While we were there, the MC set up a contest. First they went table to table finding out where everyone was from. Of course, there was our table from Minnesota, as well as a table from Canada; one from, I think, Israel; a table from Australia; and a table from California. What the Californians were doing there, apparently illegally, I didn’t bother to ask. Anyway, every table then had to designate someone to participate. I didn’t think either of my own bodyguards, or Fidel’s three, or my interpreter would be too keen on that. So I volunteered. I figured, somebody has to represent Minnesota here, why not me?
We get up on stage and find out that it’s a salsa dance contest. Well, I barely know what the salsa is, I just know it’s Latino. But this is my last night in Havana, Cuba, what do I care if I get laughed off the stage? I went ahead and salsa’d.
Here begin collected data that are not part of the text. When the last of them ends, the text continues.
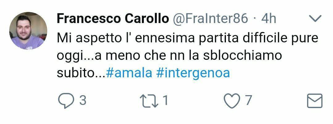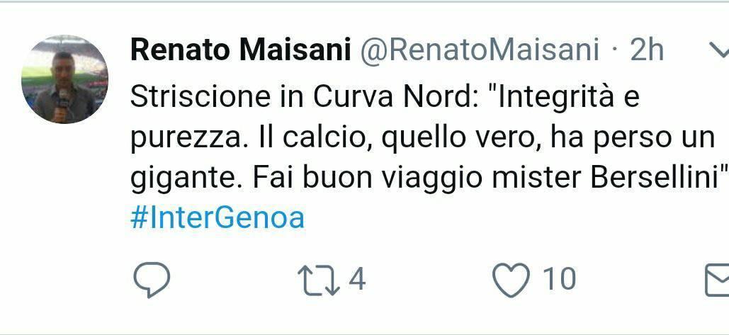 Nell’attesa del fischio di inizio tra Inter e Genoa, mentre sugli spalti si mandano i saluti e gli omaggi al defunto mister Bersellini (tecnico che portò all’inter uno scudetto e due coppe Italia) ecco come i tifosi hanno vissuto i minuti iniziali sul web:
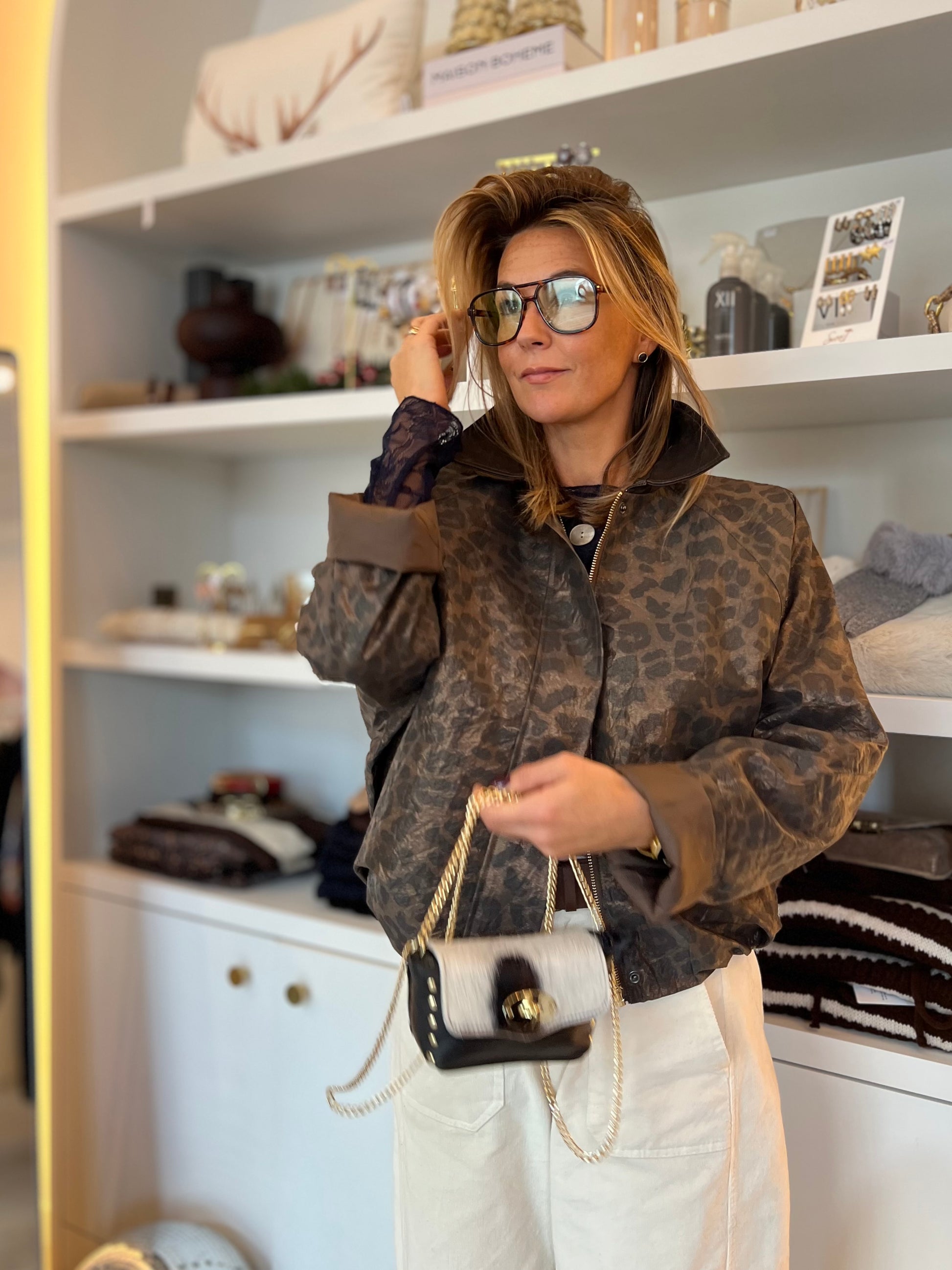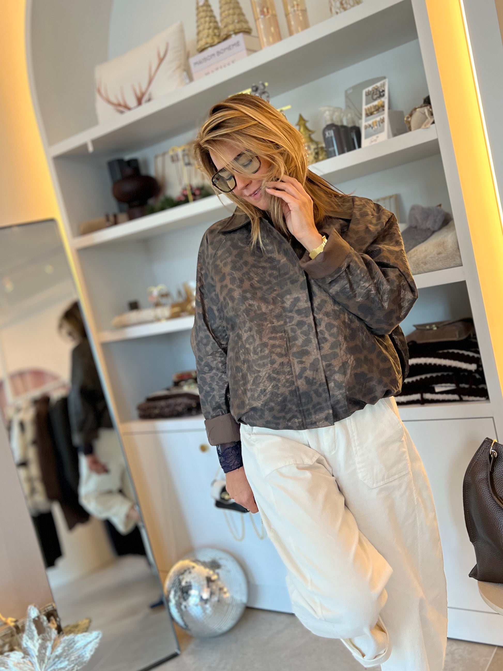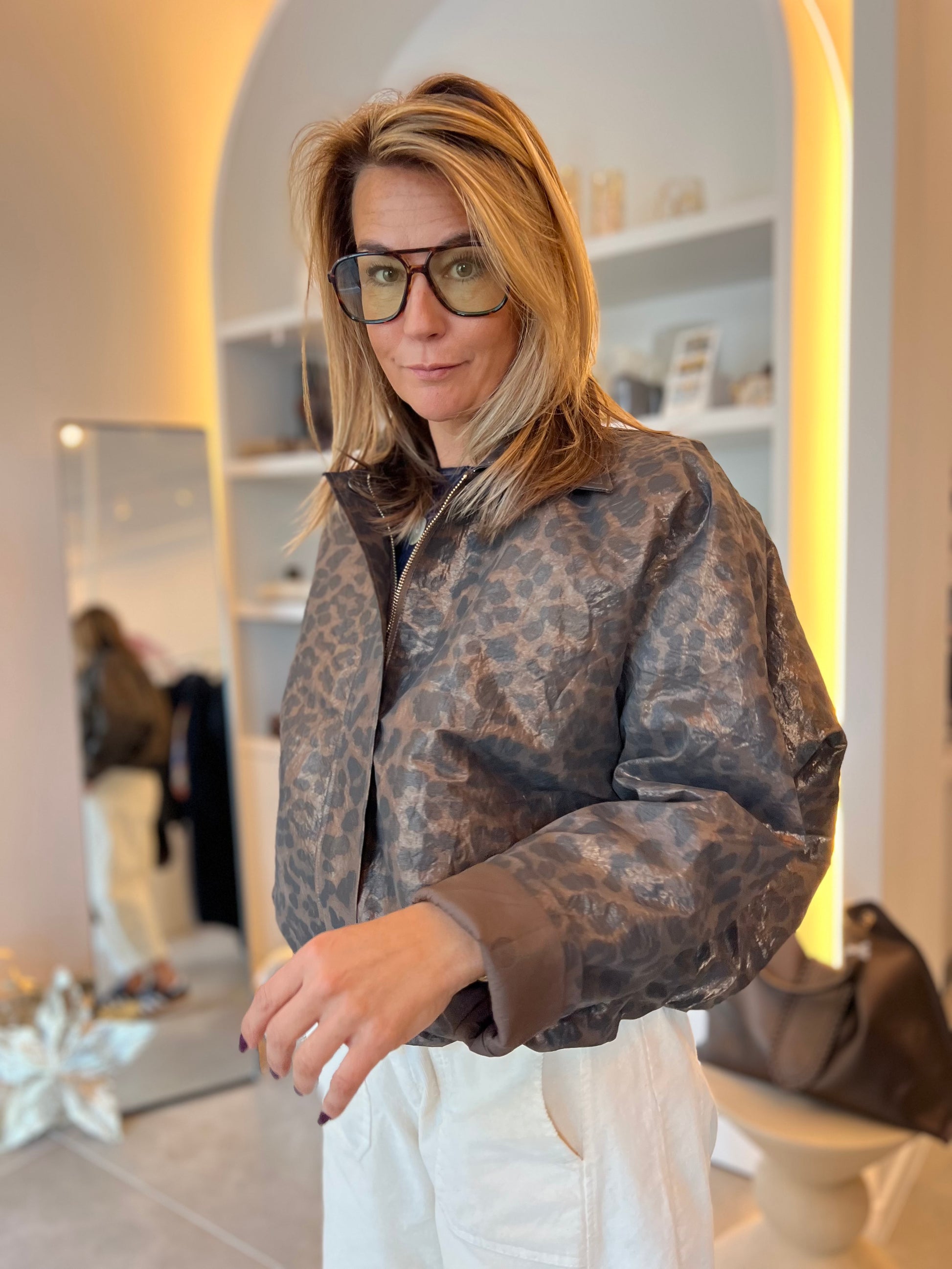 Deze unieke jas combineert een losse, moderne fit met een luxueuze glansfinish. De rijke brons-bruine leopardprint geeft hem een edgy, high-fashion uitstraling, terwijl de zachte structuur en het lichte volume zorgen voor ultiem draagcomfort.
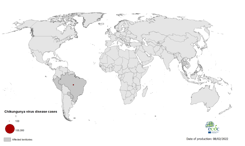 Γεωγραφική κατανομή κρουσμάτων πυρετού Chikungunya, 2022
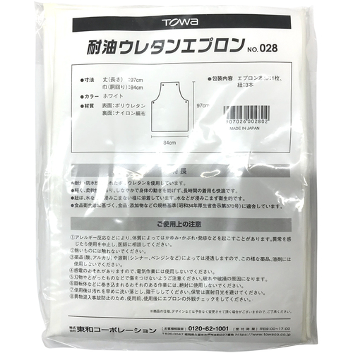トワロン エプロン 耐油ウレタンエプロン ホワイト 028

In the contest, I made it to the final three. All of a sudden they were talking in Spanish and holding their hands over the other tw
o people, and my interpreter came up saying, “Oh, don’t worry, that’s for second and third, you’ve already won.”
I was trying to determine, did Castro’s people ensure that I won? Or did they just let me win because I was so bad and yet having fun doing it? They actually gave me prizes—a CD and a towel. How honorable the Cubans were, to pick someone from the United States as a winner at salsa dancing! That had to be a rarity in Havana. In light of what President Bush’s people had done to me before I went to Cuba, I contemplated sending a communication to Mr. Bush when I got back, asking if he’d okay my passport to return and defend my title a year from now. Wouldn’t that bring great honor to the United States?
The night wore on. As I said, Castro apparently has informants everywhere. One of them came up and whispered something to one of my Cuban bodyguards, who then whispered to my bodyguard, who then told me. It seems that some CIA operatives were tailing me. I thought to myself—is that for my benefit, or for theirs? Am I in some type of danger that they need to be following me around? I don’t think so. I doubt that Fidel Castro would want an American governor coming to harm on his island, when I’m there on a mission of good will. So, I ruled out that somehow the CIA were hanging around to protect me, especially considering I had my own armed bodyguards, plus Fidel’s three.
The Cubans had only one question: Did I want to lose them? If this made me uncomfortable, they would help me get rid of these guys and we could go on about our business.
I said, “No, we’re not going to even acknowledge that they’re here. Who cares? We’re not doing anything wrong. There’s nothing they’ll be able to blackmail me with, or take back to the U.S. about any misbehavior on my part. Let’s ignore them. They’re not going to ruin our night.”
So we ended up going to another club, and I don’t know if we were followed there or not. The subject was never brought up again. It could be the Cuban security team decided a means to lose them on the way, I never inquired. What I did do was put this incident on file in the back of my mind.